Data extracted from a collection:
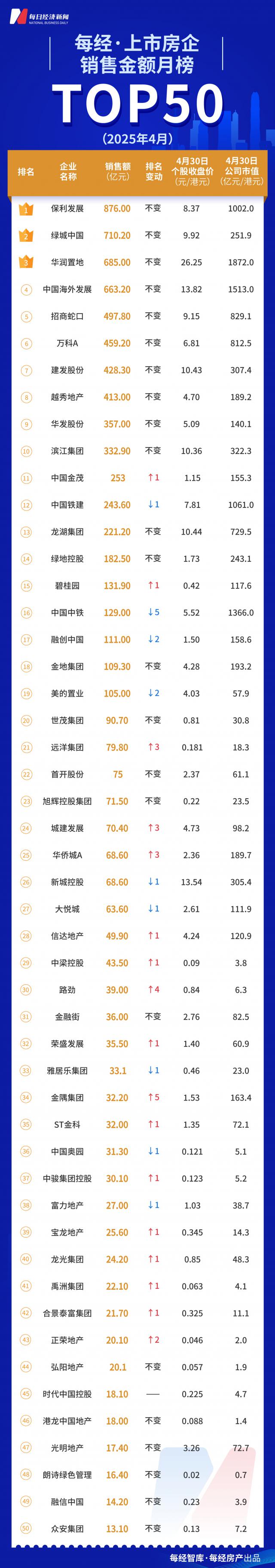 截至 4 月底,销售额 TOP10 房地产企业排名没有变化。中国金茂与中国铁建交换排名,远洋集团、城建发展、华侨城、路劲、金隅集团排名明显上升,中铁、融创中国排名略有下降。
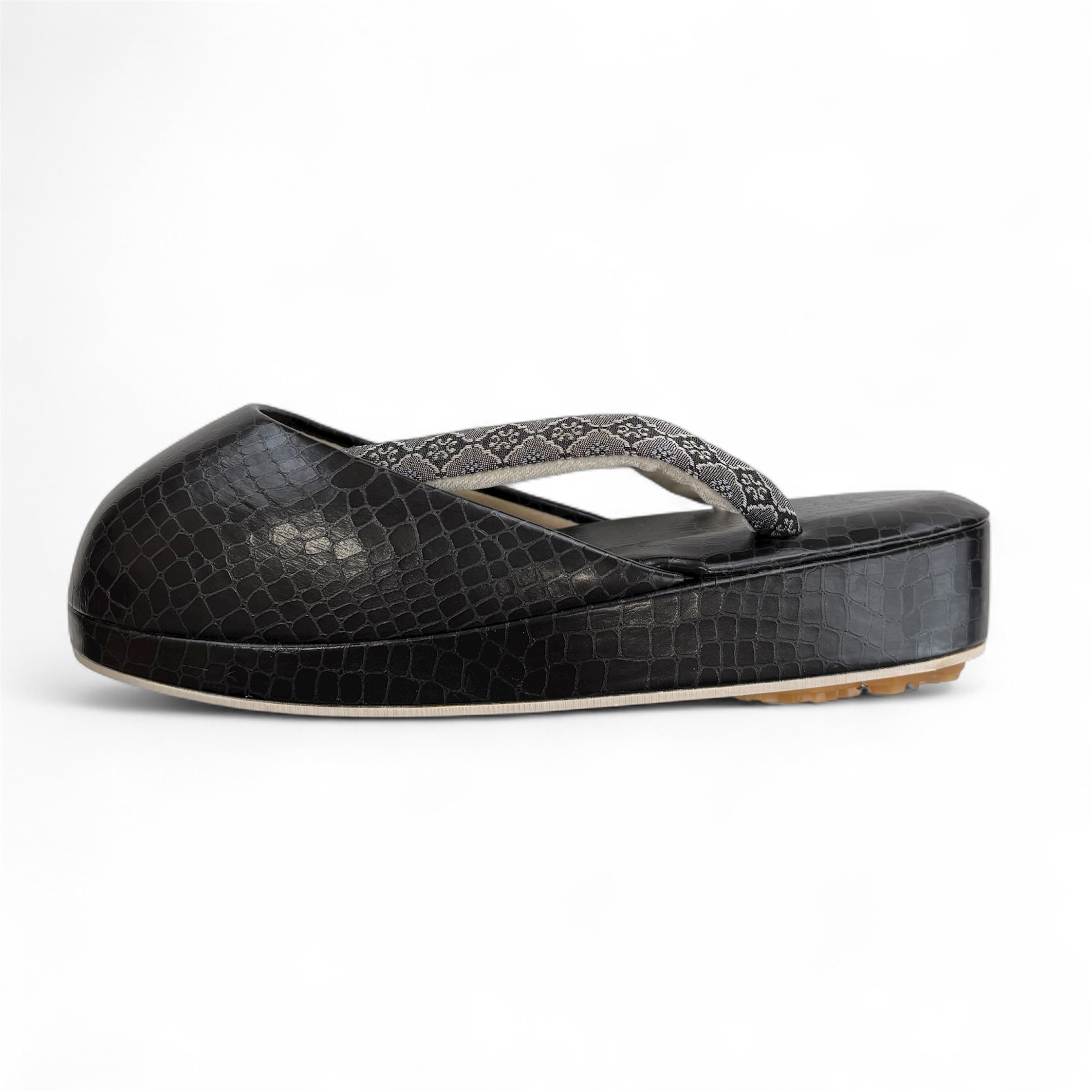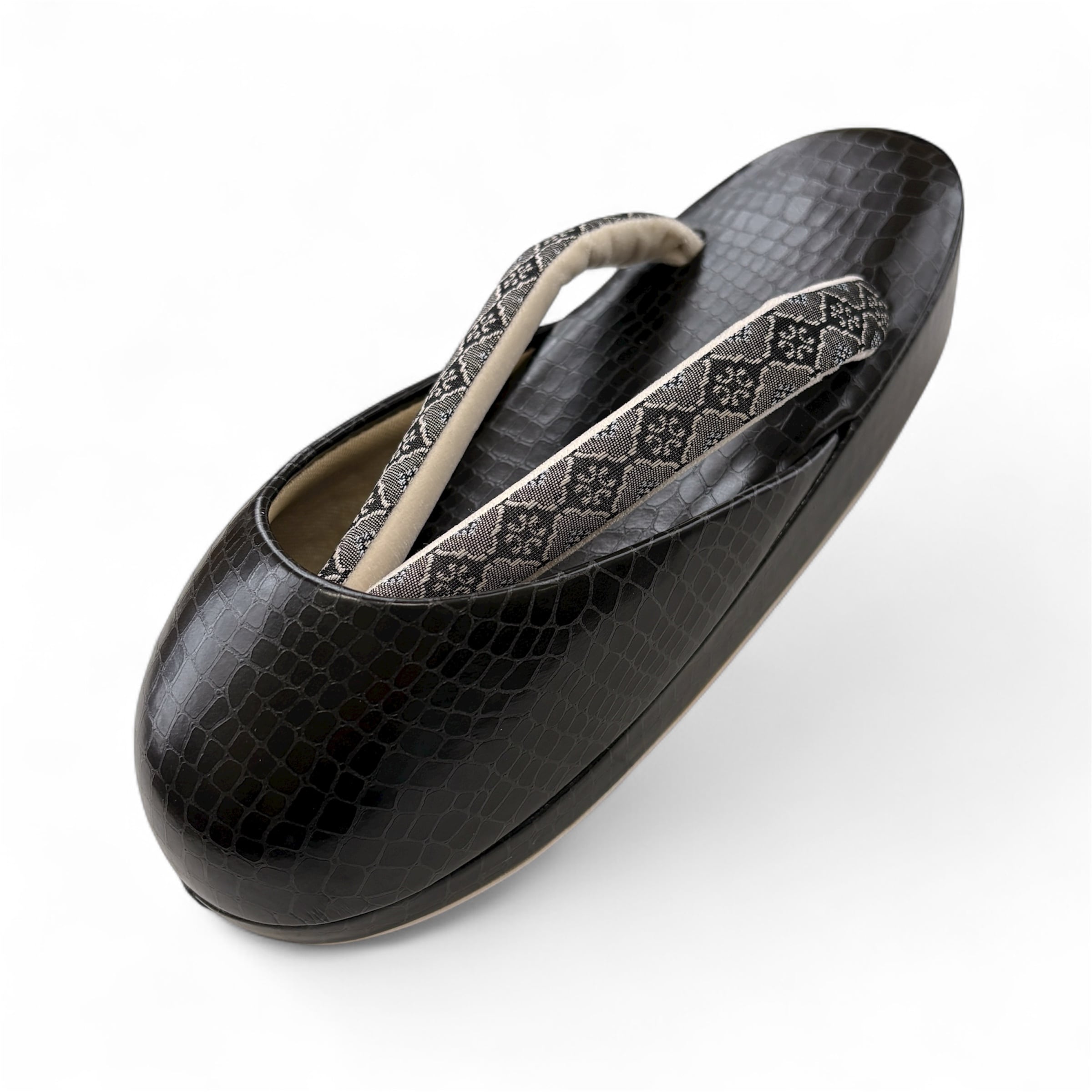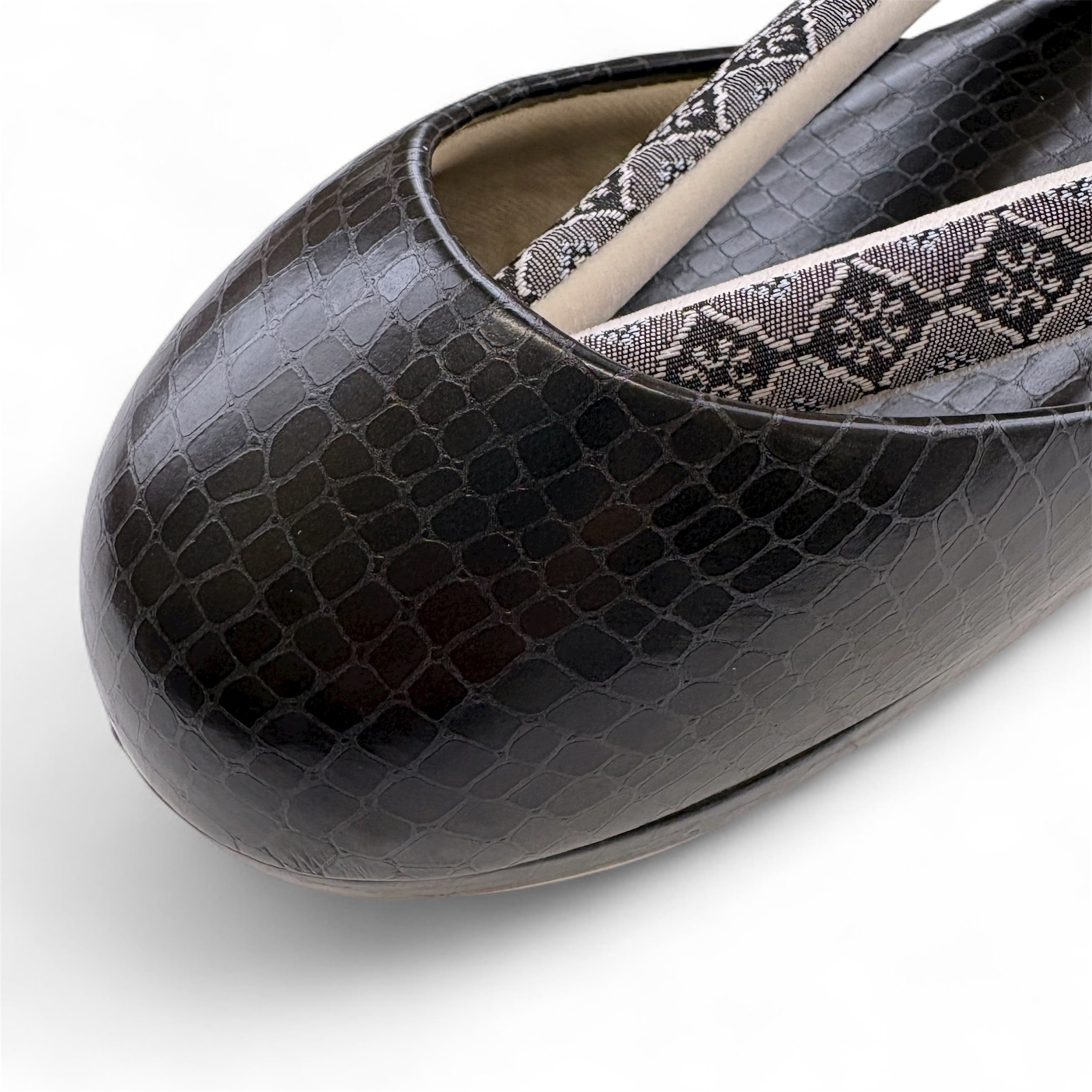 グレーの幾何学模様のジャガード生地の鼻緒を組み合わせた、シックな配色。個性もありつつベーシックで上品な一足です。
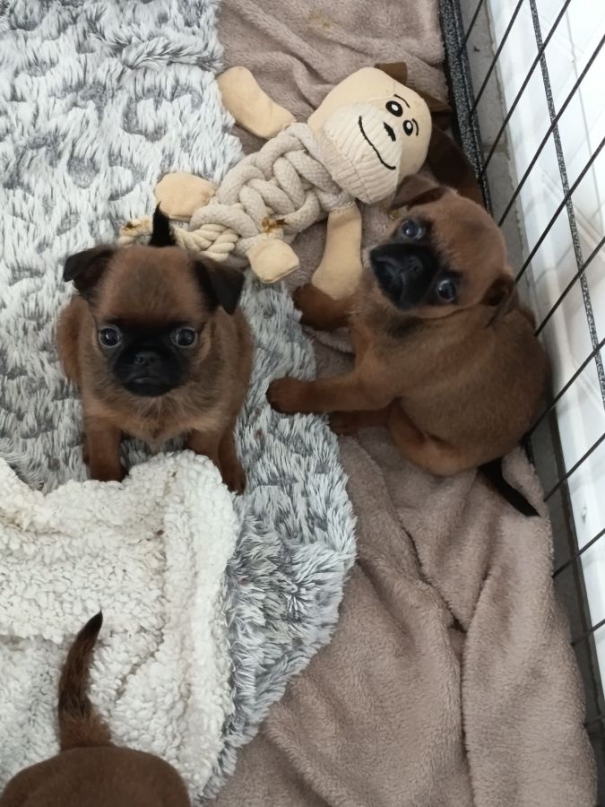 Nous avons 3 chiots Petit Brabançon à vendre. Ils sont sevrés, pucés et vaccinés. Ils sont adorables, mais nous avons déjà 3 chiens à la maison.
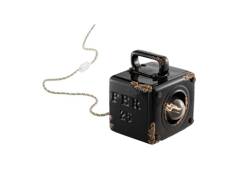 The Industrial 155mm Table Lamp in Vintage Black by Ferroluce features a compact design with a distressed finish.
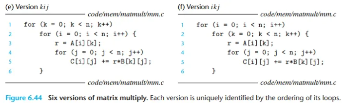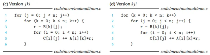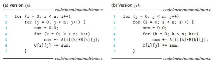 이번에는 n x n 행렬 쌍의 곱셈 C = AB 문제를 고려해 봅시다. 행렬 곱셈 함수는 보통 i, j, k 인덱스를 사용하는 3중 중첩 루프로 구현됩니다. 이 루프들의 순서를 바꾸고 약간의 코드 변경을 가하면, 기능적으로 동일한 6가지 버전의 행렬 곱셈 함수를 만들 수 있습니다. 각 버전은 루프의 순서에 따라 고유하게 식별됩니다.

• WHAT YOU HAVE TO DO
Copy exactly, and copy nothing else: the lines from the one containing "The Industrial 155mm" through the end of the data, both ends included, with pictures left out.

• ANSWER AREA
 The Industrial 155mm Table Lamp in Vintage Black by Ferroluce features a compact design with a distressed finish.
 이번에는 n x n 행렬 쌍의 곱셈 C = AB 문제를 고려해 봅시다. 행렬 곱셈 함수는 보통 i, j, k 인덱스를 사용하는 3중 중첩 루프로 구현됩니다. 이 루프들의 순서를 바꾸고 약간의 코드 변경을 가하면, 기능적으로 동일한 6가지 버전의 행렬 곱셈 함수를 만들 수 있습니다. 각 버전은 루프의 순서에 따라 고유하게 식별됩니다.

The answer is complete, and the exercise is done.